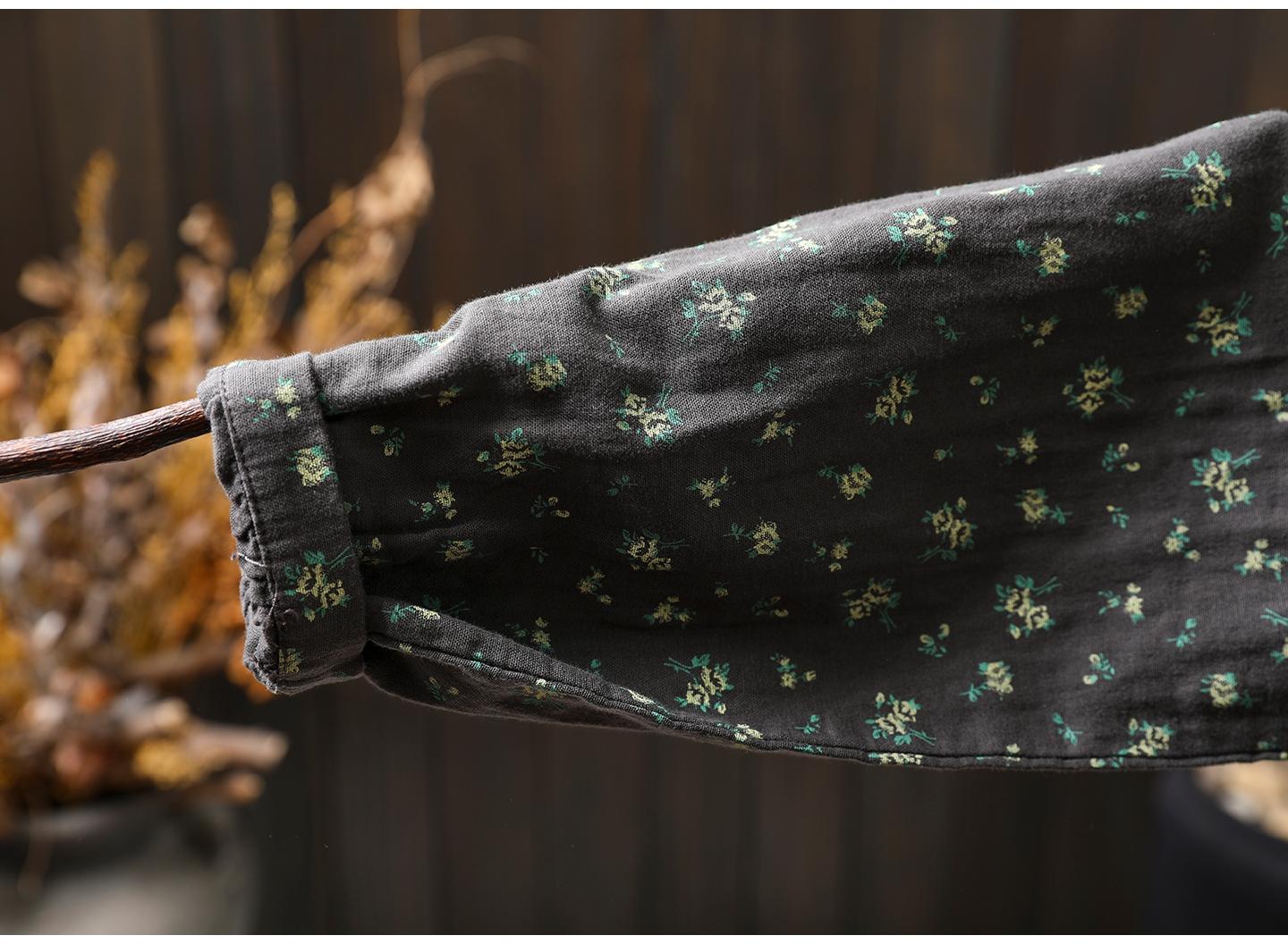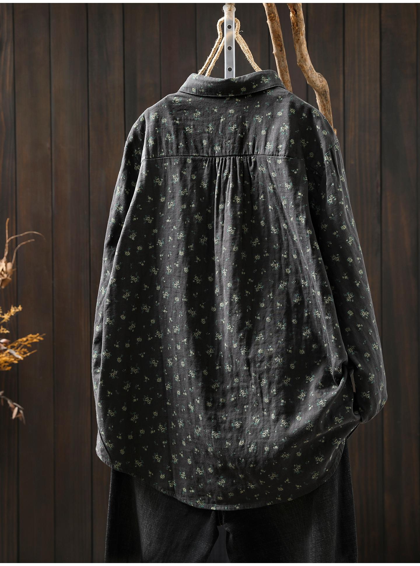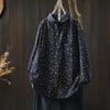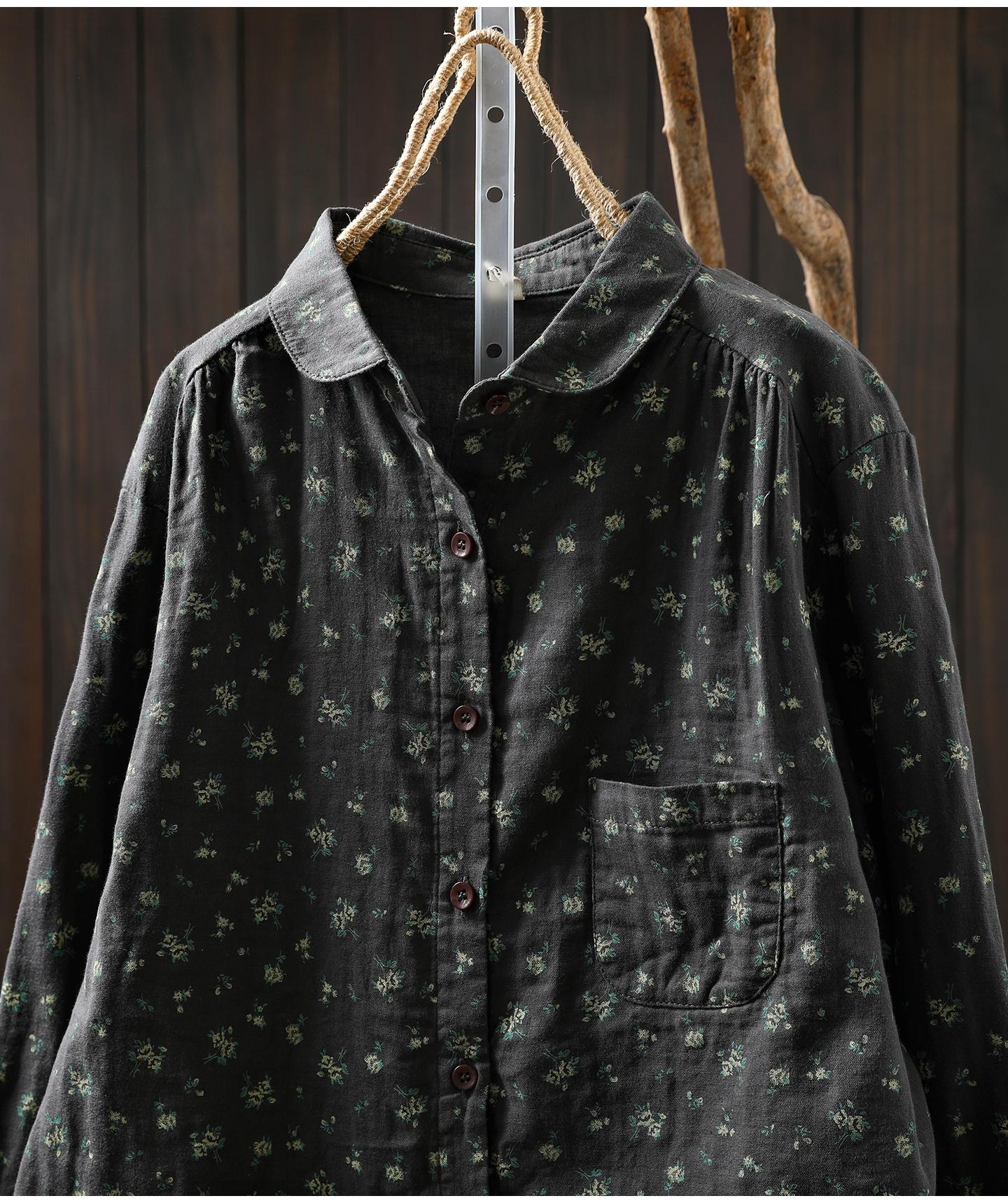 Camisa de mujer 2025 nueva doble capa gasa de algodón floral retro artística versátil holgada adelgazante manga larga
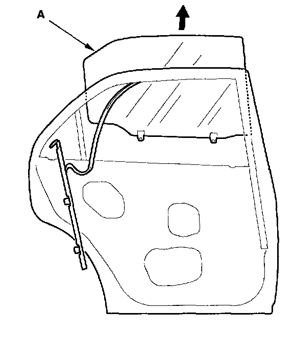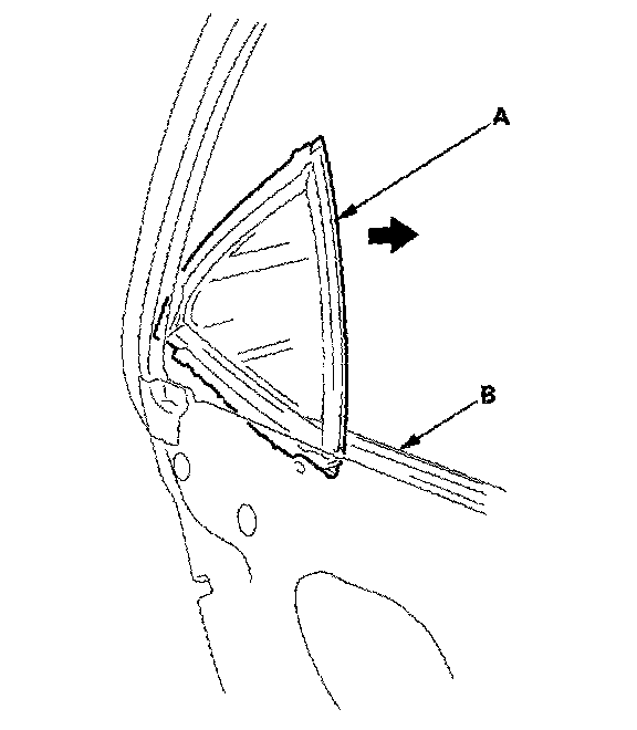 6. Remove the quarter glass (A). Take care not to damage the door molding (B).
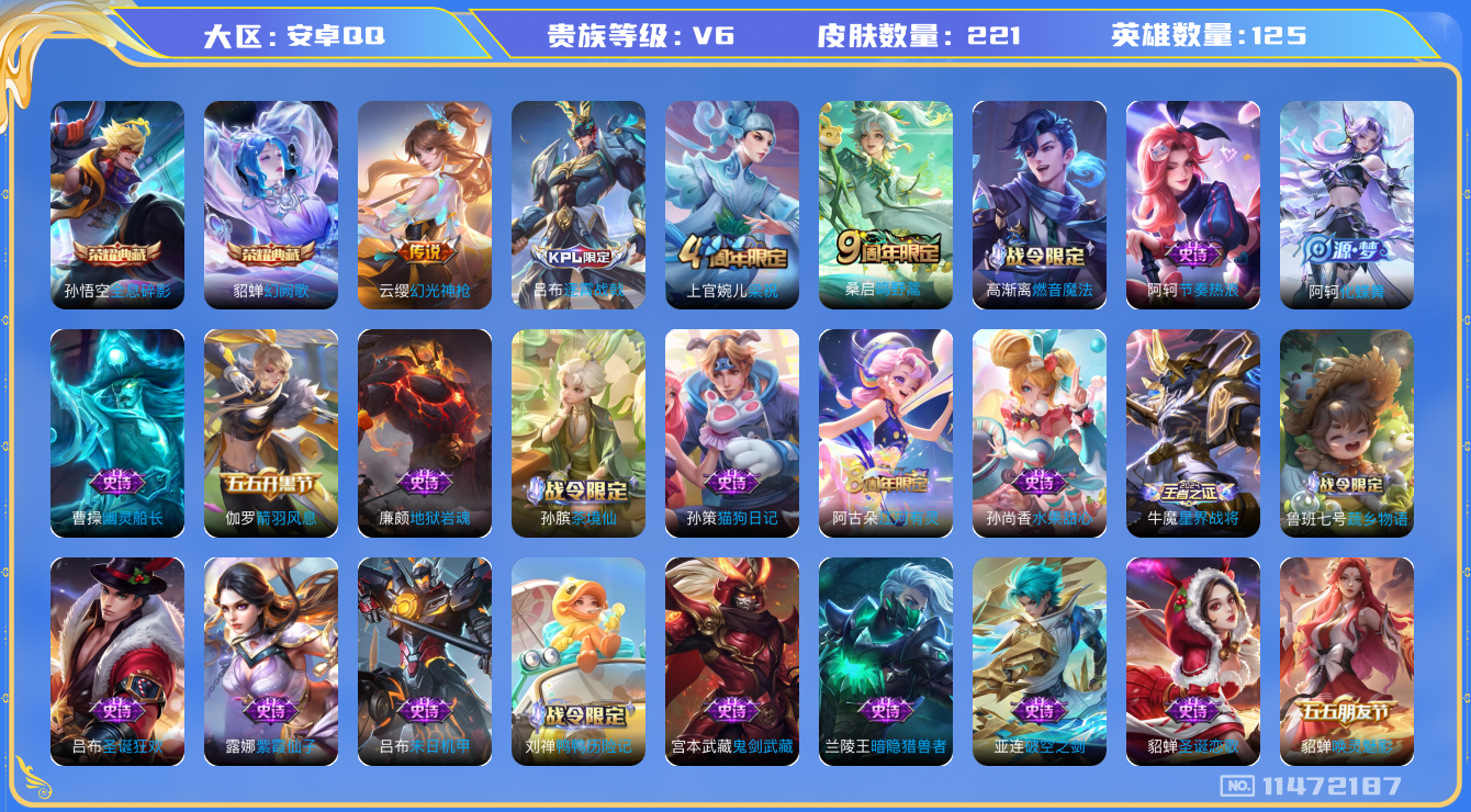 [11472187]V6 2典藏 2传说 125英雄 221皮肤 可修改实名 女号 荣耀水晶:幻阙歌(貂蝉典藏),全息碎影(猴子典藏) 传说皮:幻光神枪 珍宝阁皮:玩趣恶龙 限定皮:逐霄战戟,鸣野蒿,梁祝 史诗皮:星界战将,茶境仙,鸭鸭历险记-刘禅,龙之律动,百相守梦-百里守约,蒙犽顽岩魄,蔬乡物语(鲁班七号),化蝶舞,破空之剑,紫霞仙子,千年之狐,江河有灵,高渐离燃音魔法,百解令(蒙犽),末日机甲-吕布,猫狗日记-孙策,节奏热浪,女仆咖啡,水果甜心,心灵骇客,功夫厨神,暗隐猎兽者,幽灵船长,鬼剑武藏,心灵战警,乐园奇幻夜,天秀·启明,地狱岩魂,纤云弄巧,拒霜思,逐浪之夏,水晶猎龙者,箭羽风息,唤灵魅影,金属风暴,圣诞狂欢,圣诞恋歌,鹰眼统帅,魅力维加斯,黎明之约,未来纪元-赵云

----------

**GOAL OF THE EXERCISE**: Once the pictures are set aside, please output all the data word for word.

**RESPONSE TO THIS EXERCISE**:
 Camisa de mujer 2025 nueva doble capa gasa de algodón floral retro artística versátil holgada adelgazante manga larga
 6. Remove the quarter glass (A). Take care not to damage the door molding (B).
 [11472187]V6 2典藏 2传说 125英雄 221皮肤 可修改实名 女号 荣耀水晶:幻阙歌(貂蝉典藏),全息碎影(猴子典藏) 传说皮:幻光神枪 珍宝阁皮:玩趣恶龙 限定皮:逐霄战戟,鸣野蒿,梁祝 史诗皮:星界战将,茶境仙,鸭鸭历险记-刘禅,龙之律动,百相守梦-百里守约,蒙犽顽岩魄,蔬乡物语(鲁班七号),化蝶舞,破空之剑,紫霞仙子,千年之狐,江河有灵,高渐离燃音魔法,百解令(蒙犽),末日机甲-吕布,猫狗日记-孙策,节奏热浪,女仆咖啡,水果甜心,心灵骇客,功夫厨神,暗隐猎兽者,幽灵船长,鬼剑武藏,心灵战警,乐园奇幻夜,天秀·启明,地狱岩魂,纤云弄巧,拒霜思,逐浪之夏,水晶猎龙者,箭羽风息,唤灵魅影,金属风暴,圣诞狂欢,圣诞恋歌,鹰眼统帅,魅力维加斯,黎明之约,未来纪元-赵云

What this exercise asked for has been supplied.